Thursday, May 5, 2011

El Paso - Daniela Medrano


I woke up extra early one morning while we were in El Paso. I headed south from Casa Puente, thinking I’d eventually hit the border wall. Instead I found myself in front of Cesar Chavez highway staring at cargo trains pass along the border of El Paso and Juarez.

It was an odd sight since I was getting used to seeing high walls and fences. As my curiosity took me further, I came across El Centro de Trabajadores Agricolas (day labor center). There were men sleeping on the ground and others drinking and talking amongst themselves. I met Ruben, a man who had no shame in letting me know he was an alcoholic. “Soy alcoholico pero muy trabajador”, he said. Him and four other men were sitting and talking together, waiting to enter the center in order to shower and eat a warm meal before getting picked up to work. Ruben pointed to my Chicago Bulls sweater and asked if I was from the same place as Michael Jordan. I confirmed that I was from Chicago and that it was my first time in El Paso. He asked the question I always dread answering, “y que estas haciendo aqui?” I told him I was part of “el programa de estudios fronterizos” and before I could explain what the Border Studies Program was, the four men he was sitting with began to run away.

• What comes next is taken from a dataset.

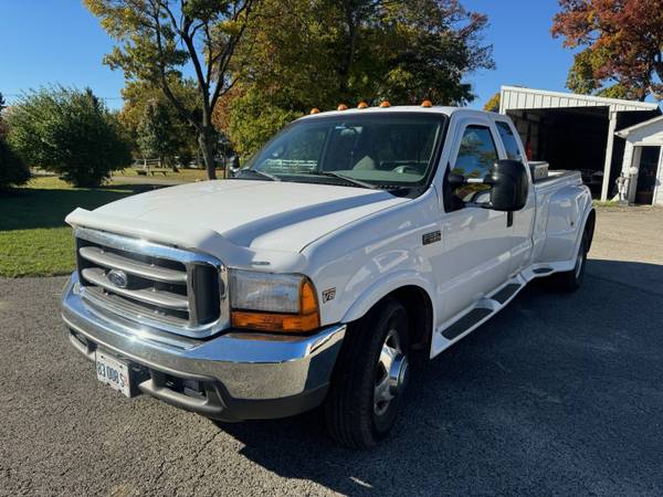 6. 1998 Ford F350 XLT Super Duty Pickup Truck, Diesel, Powerstroke V8, White, Dually, Tires Like New, Reese Hitch, Diamond Plate Tool Box w/ Truck Bed Skid Fuel Tank, 154976 Original Miles.

I was really confused and unsure if I should run after them to try to explain that I wasn’t the migra. Fortunately, Ruben hadn’t run away from me and explained that he had a work permit but the other men did not. He also made sure to tell me that if he hadn’t had a permit, he might have also run away from me. It was 6 in the morning, a time most people are still sleeping and somehow a 5 foot tall girl managed to scare away 4 grown men with the mere mention of the border.

Being undocumented in America, not just in El Paso is a fear people have to constantly live with. I can’t imagine adding the fear of deportation to all the other fears society imposes on us. People shouldn’t have to be afraid to go to work, walk down the street, or drive their car. The criminalization of undocumented immigrants is a psychological form of structural violence and it’s almost humorous to think that a train track divides the most dangerous city in the world and one of the “safest” cities in the United States.

Who is “safe” in El Paso? Clearly undocumented people in El Paso do not feel safe. So how can any city in The United States call itself safe when large populations within it live in fear every day?